Lower Crustal Deformation and Vertical Coupling and Decoupling in the Continental Lithosphere During Late Orogenic Extension

造山运动后期下地壳变形与大陆岩石圈垂直耦合与解耦合

• 批准号: 0337111
• 负责人: Keith Klepeis
• 金额: $ 22.43万
• 依托单位: University of Vermont & State Agricultural College
• 依托单位国家: 美国
• 项目类别: Continuing Grant
• 财政年份: 2004
• 资助国家: 美国
• 起止时间: 2004-01-15 至 2007-12-31
• 项目状态: 已结题
• 来源: https://www.nsf.gov/awardsearch/showAward?AWD_ID=0337111&HistoricalAwards=false
• 关键词: Lower; Crustal; Deformation; Vertical; Coupling

A deeply eroded mountain range in western New Zealand provides the highly unusual opportunity for direct examination of a full 50 km thick column of continental crust as it evolved over a 35 million year period. This discovery is especially significant because field observations and numerical models have led geoscientists to emphasize the role of the lower crust in controlling the behavior of deforming continental lithosphere. However, the large number of unconstrained variables in most experiments and in most exposures creates a high degree of uncertainty about the characteristics and consequences of flow in the lower continental crust.

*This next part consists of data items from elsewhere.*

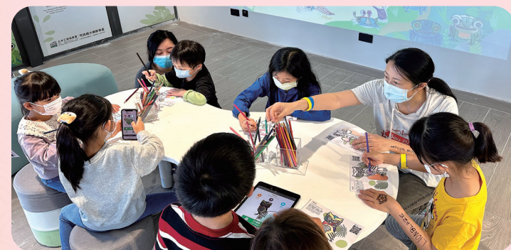
互動繪畫及遊戲區「大嶼繽紛世界」 Interactive drawing cum gaming area "Wonderful Lantau"

由舊有工地寫字樓活化而建成的東涌社區聯絡中心新翼亦與東涌東海濱長廊同時揭幕。新翼設有生物多樣性互動繪畫及遊戲區「大嶼繽紛世界」，及設有「大嶼百科世界」展覽。藉此，市民可更容易了解獲大嶼山保育基金所資助的保育項目。
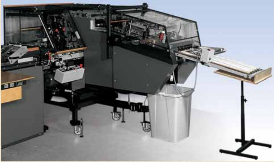
3 knife trimming.

Fibre optics ensure exact alignment of punched products with the highest degree of accuracy.
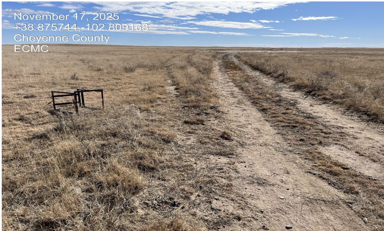
Photo 2. Facing southeast along the access road. There is a metal stand that was left on the roadside.
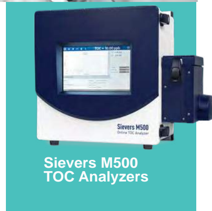
Siewers M500 TOC Analyzers

The Sievers M500 is our third generation online TOC analyzer designed for accuracy, efficiency, and integrity. This reagentless analyzer continuously monitors organics in ultrapure water for pharmaceutical, microelectronics, semiconductor, and power applications.
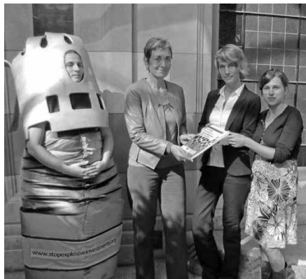
Campaigners and parliamentarians participate in the launch of a report on disinvestment in cluster munitions in Belgium.
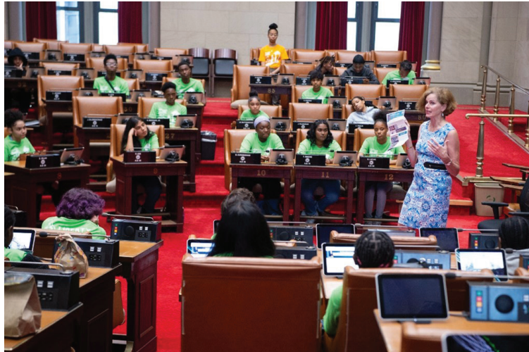
I welcomed students from Albany's Liberty Partnership Program this summer to the Assembly Chamber, and was happy to answer many of their questions about state government and the State Capitol!

More than half (52%) of the world's privately held sovereign debt is governed by NYS law. Oftentimes, a small group of hedge funds buy the debts of countries in crisis for pennies on the dollar, and force collection
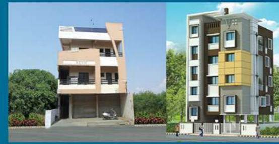
Anupama Anupama Jeevan Chhaya

ANUPAMA KRISHNA LEELA - III — 2 & 3 BHK PREMIUM HOMES —
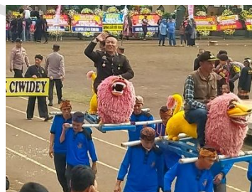
Fig.3 Art of Singa Depok

Singa Depok or what is usually called Sisingaan is one of the arts in Indonesia which was created by artists from Subang as a form of rebellion against the Dutch and British, using a pair of stuffed lions as its main characteristic. Sisingaan is a symbol of the struggle of the people of Subang Regency against the rulers, or invaders, from oppression during the rule of the British Empire. The lion statue symbolizes the ruler/rulers, namely the symbol of the British Empire. The Depok Lion is a way for the Subang people to fight, symbolized by a lion statue and used as a performance that aims to express opinions and satire through this performance.
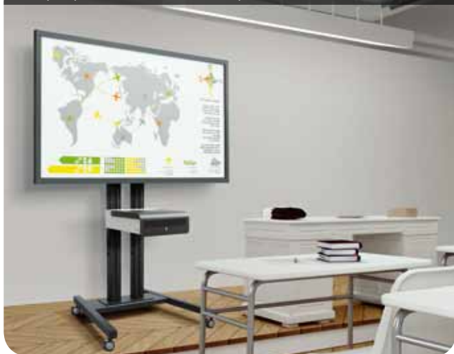
Display floor stands & trolleys
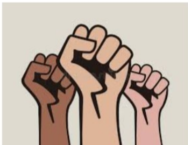
HOLDING ON TO OLD IDEAS
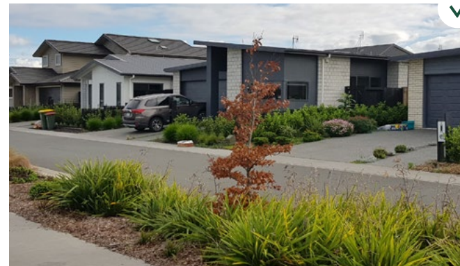
Variation in building form is encouraged in order to create an attractive neighbourhood character.
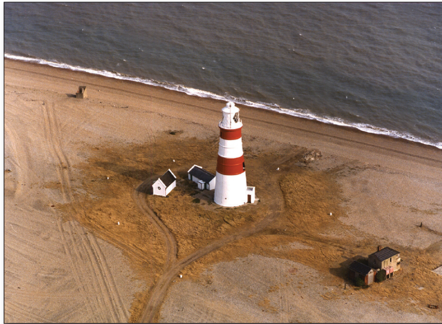
Orford Ness lighthouse as seen from the air – or from an alien spacecraft?
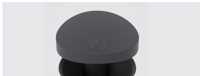
CUSTOMISATION ON THE LID
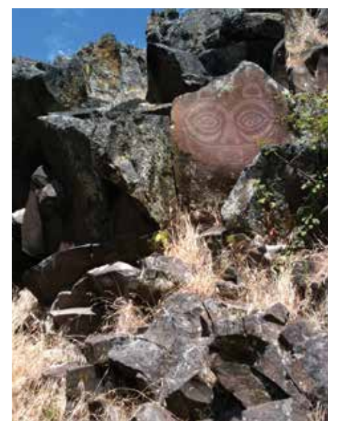
Tsagaglal (She Who Watches) at Columbia State Park.
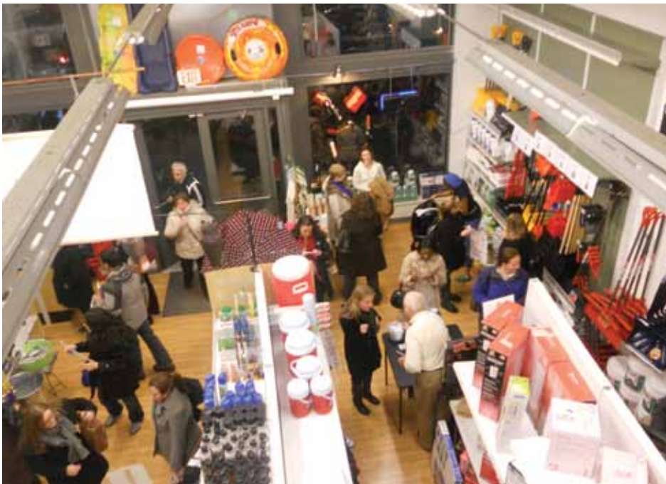
5th Street Ace Celebrates Women Do-It-Yourselfers by Hosting 200 Women at their Ladies Night Event in February.
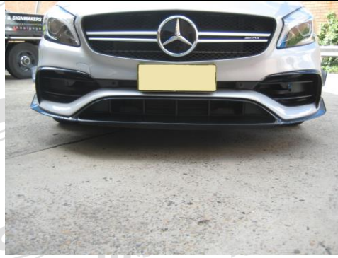
Front Bumper / Splitter
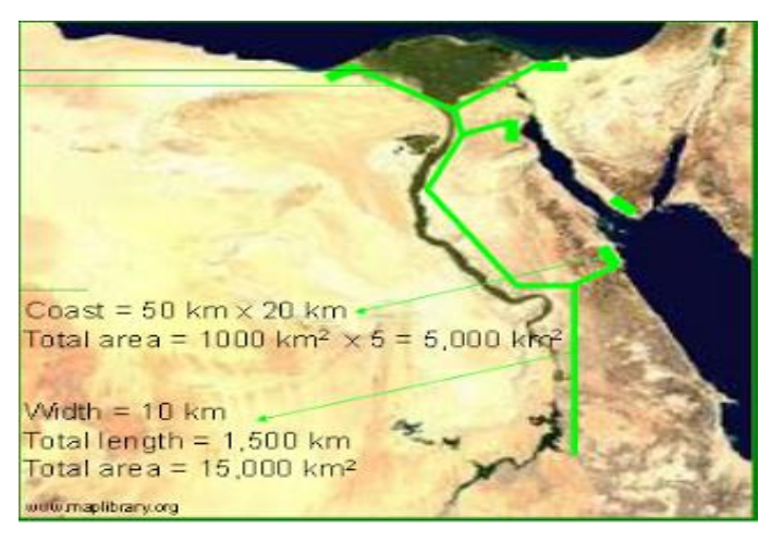
Figure 5: Map of afforestation in Egypt Hany et al. (2014)
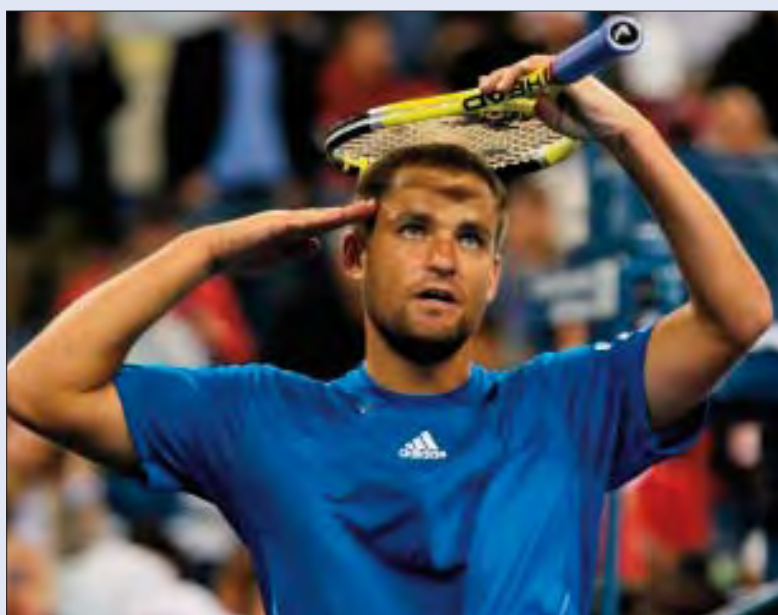
Mikhail Youzhny (RUS)
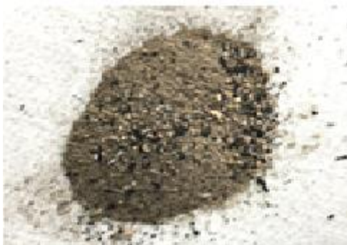
Figure 1: Solid pyrolysis product after ashing

pH, mineralization, specific electrical conductivity, and macro-ion content were determined in the aqueous extract of the test sample. The results of measurements and normative indices for water bodies are given in Tables 1-2. For comparison, the tables demonstrate the maximum permissible concentration of the ingredient in the drinking water (TLV drinking water ), the maximum permissible concentration of the ingredient in the water of fishery reservoirs (TLV open reservoirs ), the permissible concentration of pollutants in the wastewater admitted for discharge to the centralized water disposal system (LV wastewater ) [10].
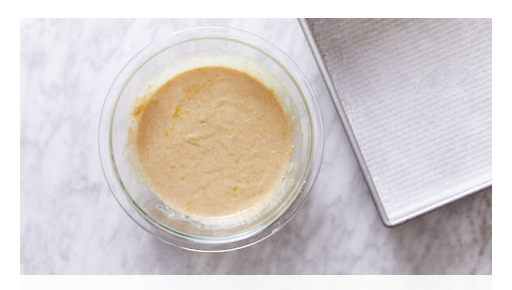
2. Make cake batter

Preheat oven to 350°F with a rack in the center. In a medium bowl, combine mascarpone and 3 tablespoons ricotta, whisking until smooth. Add ¾ cup confectioners sugar, ½ teaspoon cinnamon, and a pinch of salt, whisking until combined. Finely chop ¼ cup chocolate chips, then stir into filling. Cover and place in the refrigerator to chill until step 5.
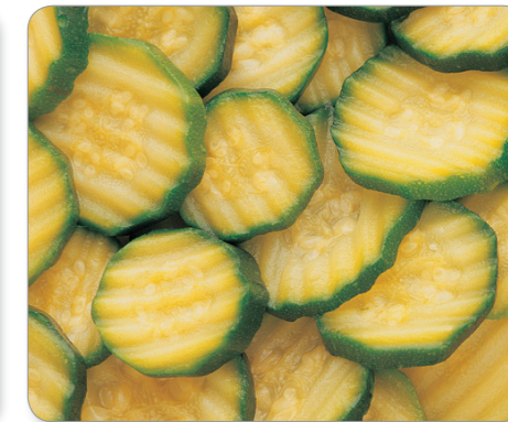
Marrow Roundels 6 x 1Kg Case
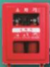
Two Fire Extinguisher Case + Stand alone pole SKS-2-7
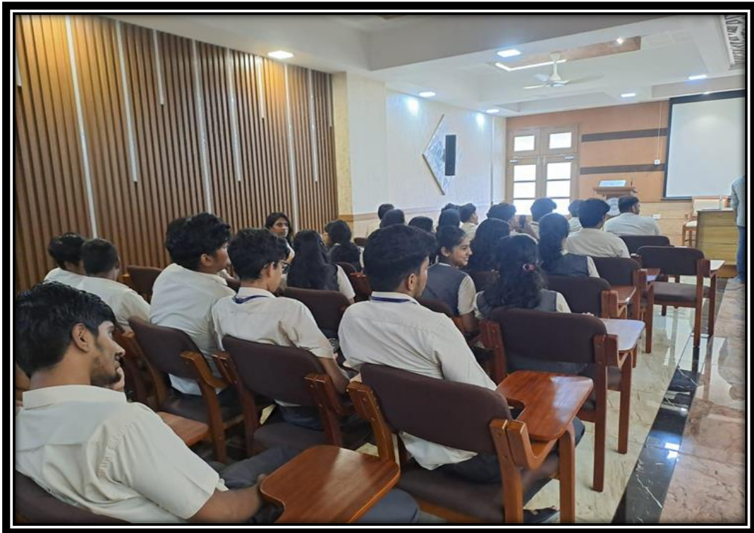
Photo of Seminar on Cloud Computing with AWS
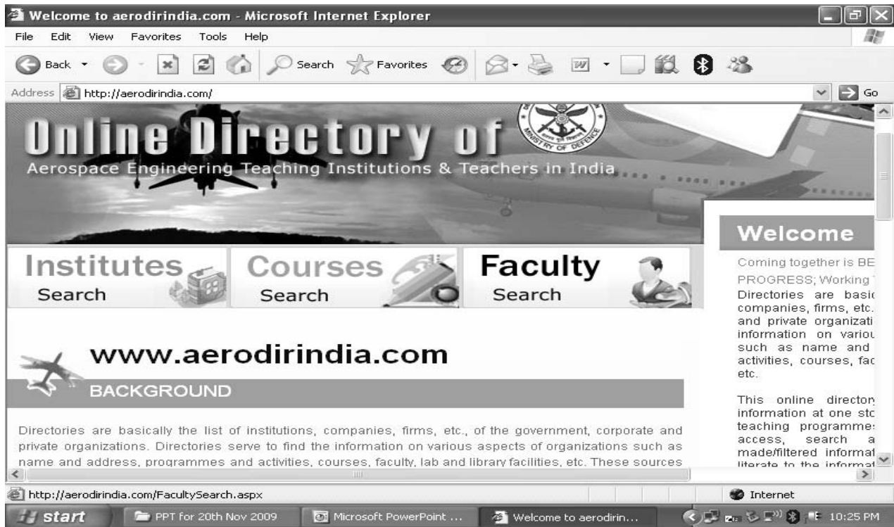
Figure 1. Screenshot of the directory.
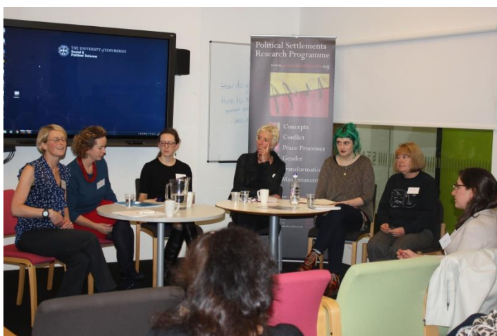
Workshop Edinburgh University

This project is determining how strain was partitioned vertically within an ancient orogen as it underwent a transition from crustal thickening and contraction to crustal thinning and extension. The direct observational approach used in this project is possible because the pre-Cenozoic configuration of western New Zealand places crust that formed at unusually deep levels of a Cretaceous orogen (25-50 km depth) next to rocks that represent the middle and upper crustal levels of this same orogen (8-27 km depth). The research involves using the original Mesozoic architecture of the belt to test the contrasting ways in which extensional deformation may be transferred vertically through a rheologically evolving crustal column. Specifically, the project involves measurement of three-dimensional characteristics and kinematics of middle, upper and lower crustal structures that formed during extension between 108 and 190 million years ago, determination if there was kinematic compatibility between simultaneously evolving extensional structures at different crustal depths, establishment of absolute and relative timing of deformation and magmatism at lower, upper and middle crustal levels using uranium-lead zircon geochronology, and detremination of pressure and temperature conditions of high-P granulite and upper amphibolite facies assemblages formed during extension. The initial results suggest that rheological transitions linked to magmatism and the partial melting of thick lower crust and their effects on the mechanical behavior of continental lithosphere are much more heterogeneous and short-lived than previously believed.

新西兰西部的一座深受侵蚀的山脉为直接检查长达 50 公里厚的大陆地壳柱提供了极不寻常的机会，因为它在 3500 万年的时间里不断演化。这一发现尤其重要，因为现场观测和数值模型使地球科学家强调了下地壳在控制大陆岩石圈变形行为中的作用。 然而，在大多数实验和大多数暴露中，大量不受约束的变量对下大陆地壳流动的特征和后果造成了高度的不确定性。该项目正在确定古代造山带经历从地壳增厚和收缩到地壳变薄和扩张的转变时应变如何在垂直方向上分配。该项目中使用的直接观测方法是可能的，因为新西兰西部的前新生代结构将在白垩纪造山带异常深层（25-50公里深度）形成的地壳置于代表中地壳和上地壳水平的岩石旁边位于同一造山带（8-27 公里深度）。 该研究涉及利用该带的原始中生代结构来测试拉伸变形可能通过流变演化的地壳柱垂直转移的对比方式。具体来说，该项目涉及测量108至1.9亿年前伸展过程中形成的中、上、下地壳结构的三维特征和运动学，确定不同地壳深度同时演化的伸展结构之间是否存在运动学兼容性，建立利用铀铅锆石地质年代学确定下、上、中地壳层次变形和岩浆作用的绝对和相对时间，并确定高磷麻粒岩的压力和温度条件以及伸展过程中形成的上部角闪岩相组合。初步结果表明，与岩浆作用和厚下地壳部分熔融相关的流变转变及其对大陆岩石圈力学行为的影响比以前认为的更加不均匀和短暂。